YOUR OBJECTIVE
The lines to extract run from the first line of the material below to the line containing "硫作为一种典型的多价态元素,广泛地参与地", both included; leave the pictures behind.

DATA PROVIDED: Begin

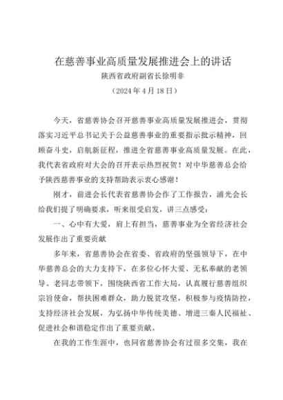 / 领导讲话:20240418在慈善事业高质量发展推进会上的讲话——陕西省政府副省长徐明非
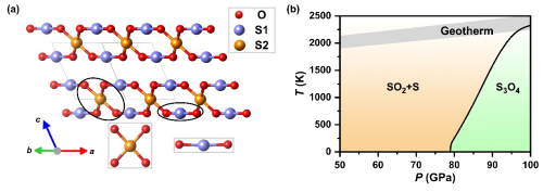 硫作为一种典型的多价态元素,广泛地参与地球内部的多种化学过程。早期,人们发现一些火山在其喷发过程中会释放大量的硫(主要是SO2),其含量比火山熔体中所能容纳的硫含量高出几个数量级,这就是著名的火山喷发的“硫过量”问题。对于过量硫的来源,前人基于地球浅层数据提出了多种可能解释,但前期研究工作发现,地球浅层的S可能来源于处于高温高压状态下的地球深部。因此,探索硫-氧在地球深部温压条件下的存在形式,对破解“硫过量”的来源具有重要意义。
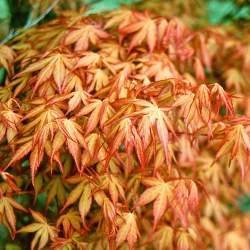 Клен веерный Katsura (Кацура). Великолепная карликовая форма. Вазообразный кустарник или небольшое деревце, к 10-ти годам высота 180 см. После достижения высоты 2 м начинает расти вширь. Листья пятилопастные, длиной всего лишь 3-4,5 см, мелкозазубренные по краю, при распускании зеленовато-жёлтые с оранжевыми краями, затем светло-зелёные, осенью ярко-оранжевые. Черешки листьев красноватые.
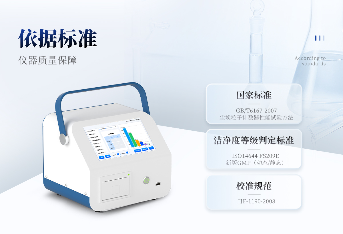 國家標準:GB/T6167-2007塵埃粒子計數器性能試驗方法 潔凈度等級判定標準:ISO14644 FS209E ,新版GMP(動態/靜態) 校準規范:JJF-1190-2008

DATA PROVIDED: End

OUTPUT OF THE EXERCISE
 / 领导讲话:20240418在慈善事业高质量发展推进会上的讲话——陕西省政府副省长徐明非
 硫作为一种典型的多价态元素,广泛地参与地球内部的多种化学过程。早期,人们发现一些火山在其喷发过程中会释放大量的硫(主要是SO2),其含量比火山熔体中所能容纳的硫含量高出几个数量级,这就是著名的火山喷发的“硫过量”问题。对于过量硫的来源,前人基于地球浅层数据提出了多种可能解释,但前期研究工作发现,地球浅层的S可能来源于处于高温高压状态下的地球深部。因此,探索硫-氧在地球深部温压条件下的存在形式,对破解“硫过量”的来源具有重要意义。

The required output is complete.